Obelix contre le reste du monde IX
Description
Été 2002 : les éditions Albert René, qui publient Astérix et Obélix, attaquent en justice le propriétaire de Mobilix — un site allemand consacré à Linux sur PDA et ordinateurs de poche, dont le nom contracte simplement « mobile » et « Unix ».
Le grief : une proximité phonétique avec « Obélix ». La cour de Munich écarte l'argument, et le site se rebaptise tout de même Tuxmobil. L'affaire semblait close, mais elle rebondit en 2005 devant le tribunal de première instance des Communautés européennes, où les mêmes éditions s'opposent cette fois à l'enregistrement de Mobilix comme marque communautaire.
Le raisonnement du tribunal vaut le détour : Mobilix évoque la mobilité, Obélix évoque un personnage corpulent connu dans toute l'Union — on ne parle pas de la même chose, donc on ne peut pas confondre. Demande rejetée, une fois de plus.
Mots-clés
Transcription
0:00 On continue notre cours d'histoire et cette fois-ci, on pourrait dire Obélix contre le reste du monde.
0:09 Durant l'été 2002, les éditions Albert René, ceux qui éditent les aventures d'Astérix et Obélix, ont attaqué devant la justice allemande Warner Husser, propriétaire du site Mobilix. Mobilix, c'est l'acronyme entre les mots mobile et unix. Bien sûr, c'était un site dédié au monde de Linux sur les PDA et ordinateurs portables.
0:30 Je vous rappelle, on est en 2002. Il était reproché au nom Mobilix d'être trop proche phonétiquement du mot Obélix, mot déposé par les éditions Albert René. La Cour de Munich déclare qu'une similarité d'écriture ou de signification entre les mots Obélix et Mobilix est exclue. Je vous épargne les détails. Depuis, Warner Husser optait alors pour le nom Tuxmobile.org.
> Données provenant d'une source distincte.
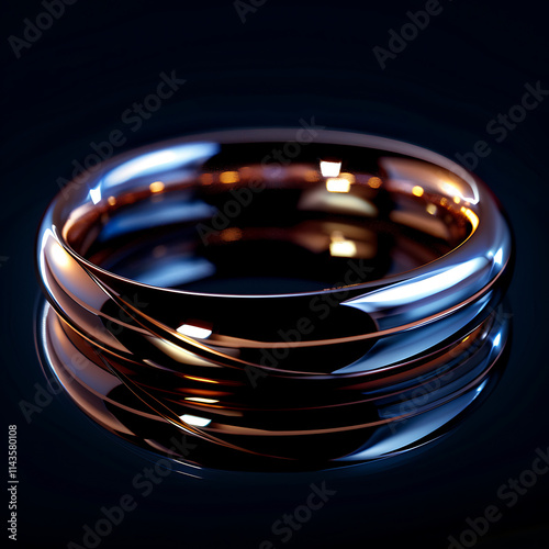 Isolated Close-Up View of a Shiny Ring on a Plain Background, Highlighting the Luxurious and Elegant Design with Reflective Surfaces and Smooth Curves
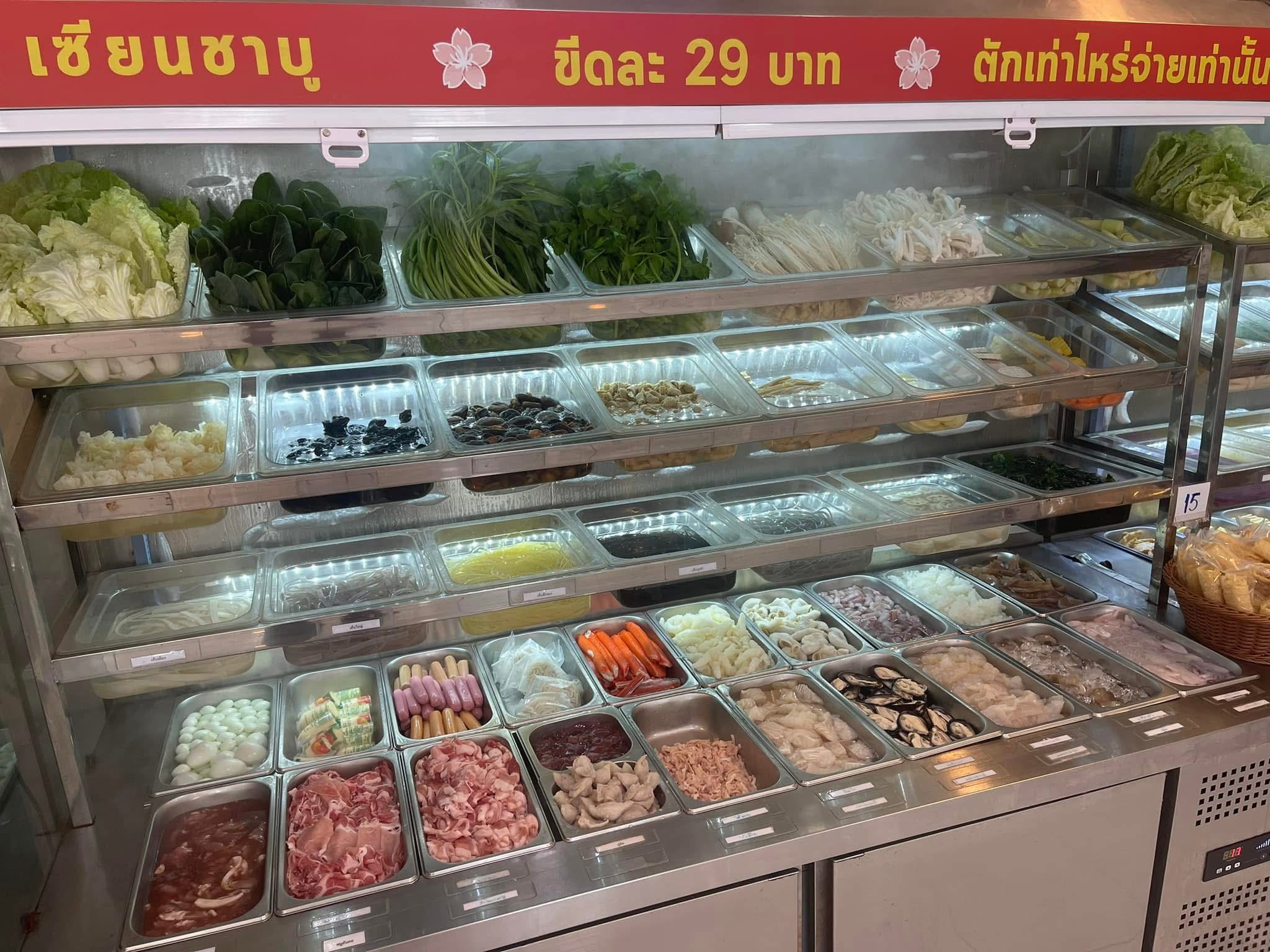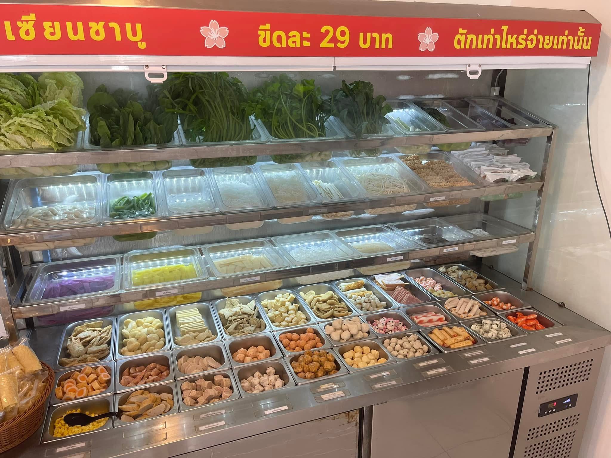 เป็นชาบูแนว “ตัก-ชั่ง-จ่าย” เหมือนบุฟเฟ่ต์ แต่คิดราคาตามน้ำหนัก ขีดละ 29 บาท
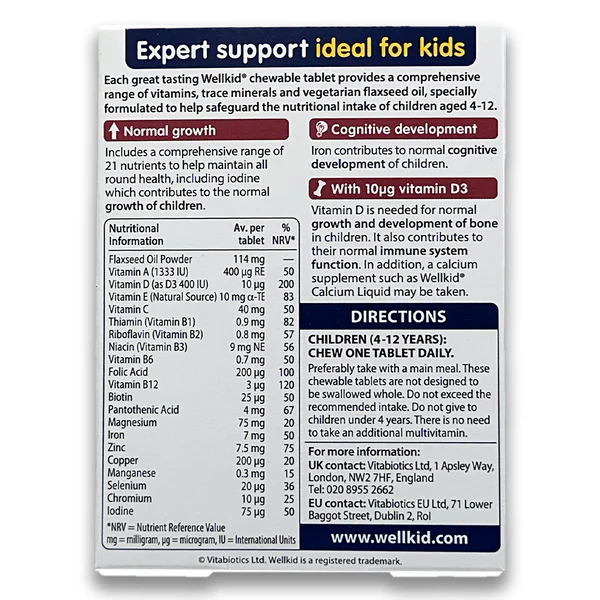 مولتی ویتامین کودکانه WELLKID ویتابیوتیکس یک مکمل غذایی است که به طور خاص برای کودکان ۴ تا ۱۲ سال طراحی شده است. این محصول در قالب قرصهای جویدنی خوشمزه ارائه میشود که استفاده از آن را برای کودکان آسان میکند. Wellkid Smart Chewable بهطور ویژه فرموله شده است تا مجموعهای کامل از ویتامینها و مواد معدنی ضروری برای رشد و توسعه کودکان را تأمین کند.
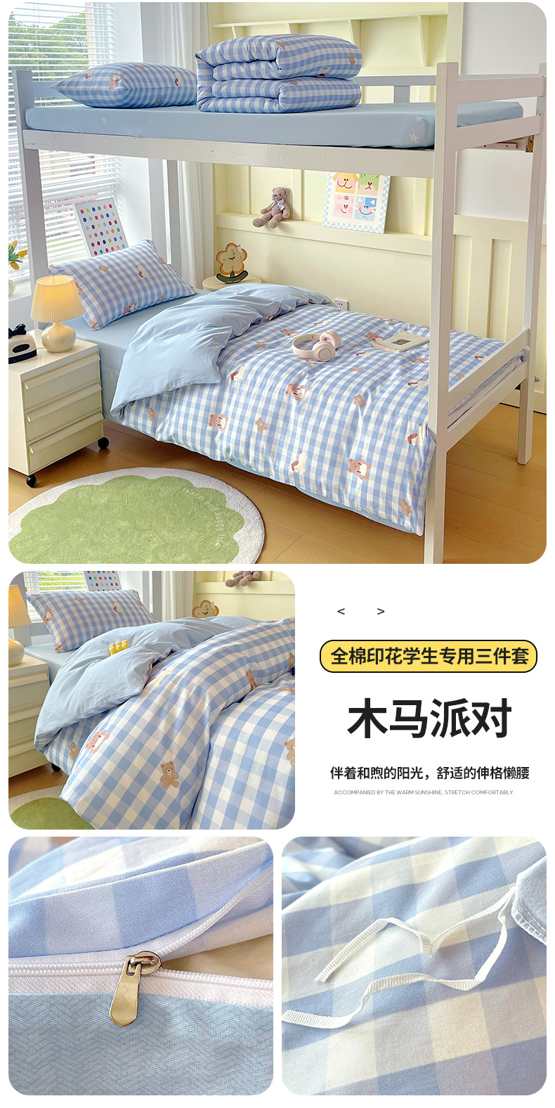 (总)悦织湾家纺 2025新款全棉100%纯棉13376高密度纯色双拼学生三件套活性环保印染宿舍,艾丽卡-冰川蓝,艾丽卡-粉,艾丽卡-灰,艾丽卡-蓝,派对熊-湖蓝,派对熊-蜜桃粉,派对熊-奶油黄,派对熊-天空蓝
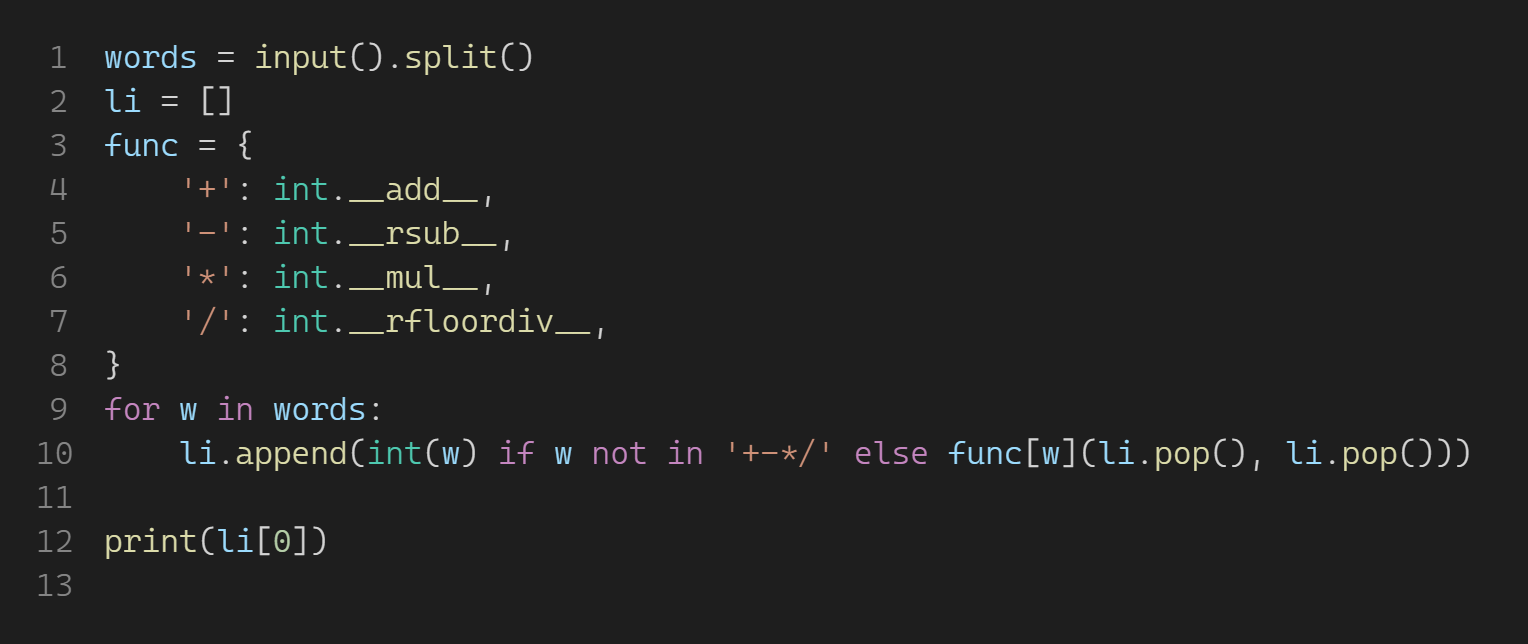 看到數字先放著不管,看到+-*/再把最後兩個數字找出來,算出東西,再丟回去當作最後一個

0:56 Entre parenthèses, si on fait une recherche rapide sur tous les mots qui terminent par X, au moins dans la communauté du libre, il y en a à peu près plus de 500. On croyait cette affaire finie, mais un arrêt de tribunal de première instance des communautés européennes vient indirectement la remettre au goût du jour en 2005.
1:16 Dans cette affaire, cette fois-ci, on retrouve les éditions Albert René, toujours le papa d'Astérix et Obélix, mais cette fois-ci opposé à l'Office de l'harmonisation dans les marchés intérieurs, la OHMI. En effet, en 1997, la société Orange, l'opérateur, demandait à l'Office d'enregistrer une marque communautaire pour ses produits.
1:38 J'ai nommé Mobilix. Les éditions Albert René notent avec insistance qu'il y a plusieurs similitudes. Visuellement, quasiment la même longueur, une séquence similaire de lettres, et phonétiquement, il produirait des sons très similaires. Mobilix, Mobilix, voilà, dans un environnement bruyant, ça se rapproche énormément.
2:02 Bon, en tout cas, le tribunal, lui, note que les mots Mobilix et Obélix n'ont de signification sémantique dans aucune des langues officielles de l'Union Européenne. Donc, même s'il y a beaucoup de bruit, on ne peut pas confondre Mobilix et Obélix, car on ne parlerait pas du tout de la même chose. Et oui, il note que le terme Mobilix peut être facilement perçu comme faisant référence à quelque chose de mobile ou à la mobilité.
2:25 Et le terme Mobilix, quant à lui, même si le nom a été enregistré comme une marque verbale, c'est-à-dire sans référence visuelle au personnage de dessin animé, sera aisément identifié par le public moyen au personnage corpulent de la série de bandes dessinées, largement connue dans l'ensemble de l'Union Européenne. Bon, bref, c'est ainsi que le tribunal rejette encore une fois la demande des éditions Albert René.